Furthermore, evidence received by the committee from law
enforcement and criminal intelligence agencies in the public hearing on 17
March 2014 does not support the claims that the industry is a “hotbed of
lawlessness”. The rate of referrals of alleged criminality from the former ABCC
to Victoria Police between 2005 and 2012 ran at an average of about two per
year and resulted in just one successful prosecution in which a diversionary
penalty was imposed.
Evidence from law enforcement agencies indicates that to the
extent criminals may be involved in the industry, this does not make the
building and construction industry unique. Criminals will go where they think
they can make a profit including the security industry, the heavy haulage
industry, the liquor industry and the banking and financial services industries
to name just a few.
The Committee finds no case has been made out to single out the
building and construction industry for the application of extraordinary
industrial relations laws that remove basic rights enjoyed by all other
Australians and target building workers and their unions in a most
discriminatory way.
Safeguards on the use of coercive
powers
Some of the coercive powers proposed to be conferred on the
ABCC are of a type normally reserved for law enforcement and national security
agencies responsible for investigating serious crime, threats to national
security and criminal breaches of corporate law. Law enforcement and national
security agencies’ powers are subject to strict oversight and reporting
requirements that include safeguards aimed at preventing misuse and abuse of
their powers and protection of civil rights. The bills to re-establish the ABCC
involve a significant watering-down of the existing safeguards and oversight of
Fair Work Building and Construction’s coercive powers.

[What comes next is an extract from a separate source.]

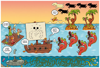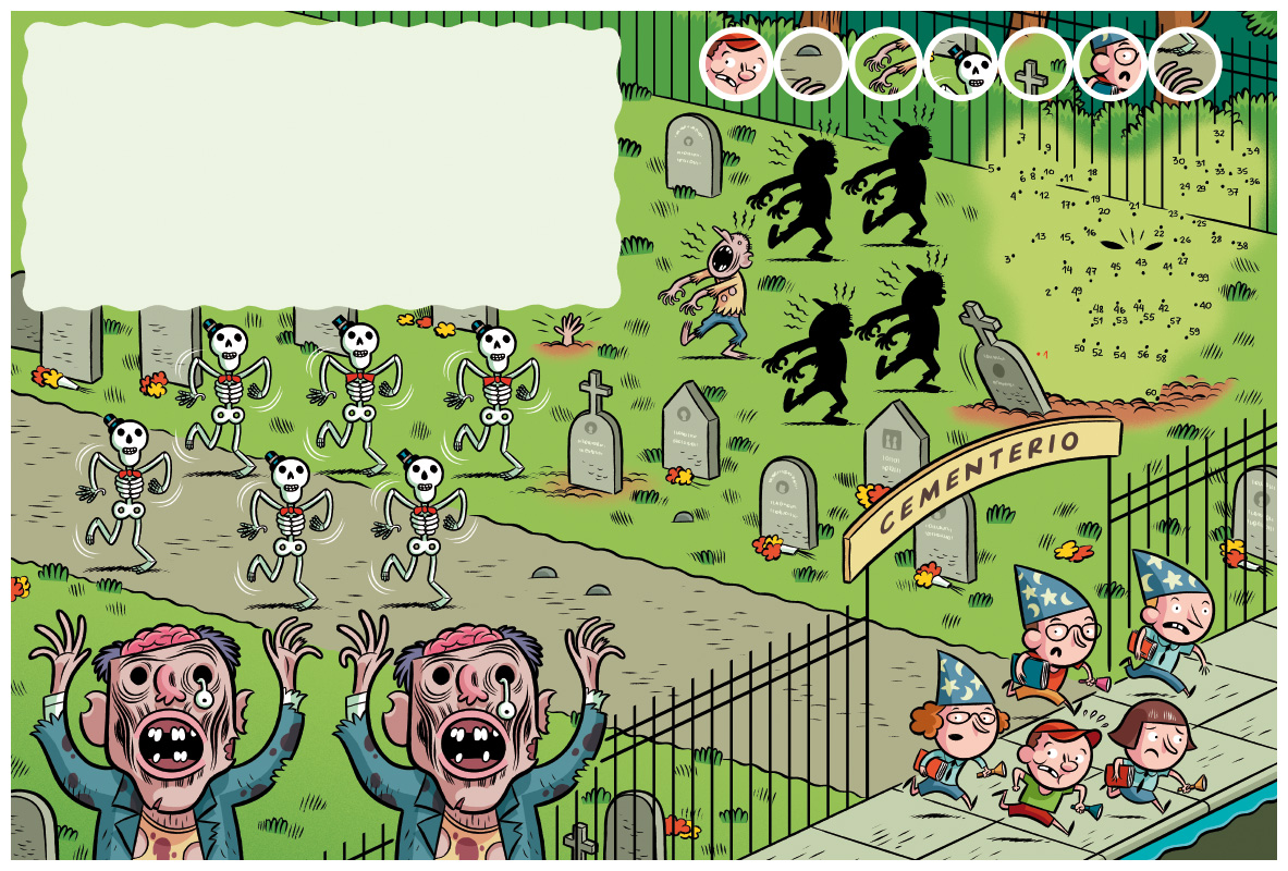 Algunos dibujos para la sección de juegos de la revista Genios. Iba a hacer dos entradas para no saturar pero mirá, las meto todas juntas. Para todos los gustos, selva, totems, piratas, dinosaurios, muertos vivos, gente bailando. De-to-do, señor, señora.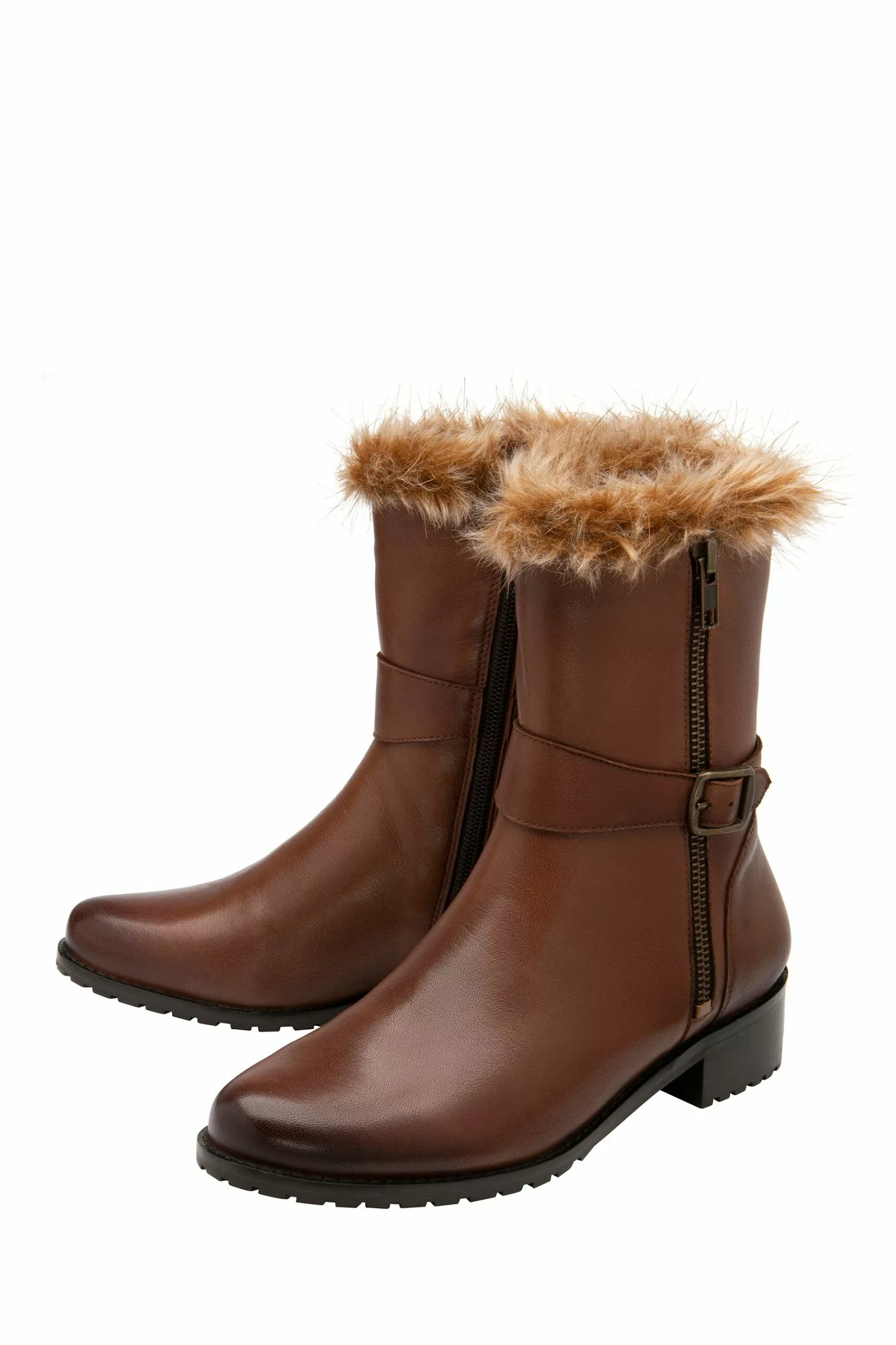 Ravel Mittelhohe Lederstiefel Mit Reißverschluss Und Blockabsatz

While the Ombudsman is provided an oversight role under the
bill, it is only after-the-event monitoring and no meaningful remedial action
is available in the event of misuse or misapplication of the proposed coercive
powers of the ABCC.
The Committee finds that the safeguards and oversight of the
proposed ABCC’s quite extraordinary coercive powers to prevent misuse and abuse
of those powers and to protect human rights are limited and wholly inadequate.
The Committee does not accept the argument that the proposed
safeguards over the ABCC’s coercive powers similar to those applying to the use
of coercive powers by other agencies are in any way similar. The coercive
powers proposed for the ABCC are extraordinary for the civil jurisdiction.
The Committee does not share the view expressed by the
government that extensive safeguards over the use of such extraordinary powers
as those proposed are unwarranted or inconvenient. On the contrary, they are
essential.
Related matters
The Committee has considered two matters related to the
re-establishment of the ABCC.
The first of these is the rate of insolvencies in the building
and construction industry and volume of unpaid debts left in the wake of insolvency.
It were replicated across the rest of the economy it could quite possibly
render the country a commercial and industrial wasteland.
The Australian Securities and Investments Commission produce
regular statistical publications on insolvencies.[1]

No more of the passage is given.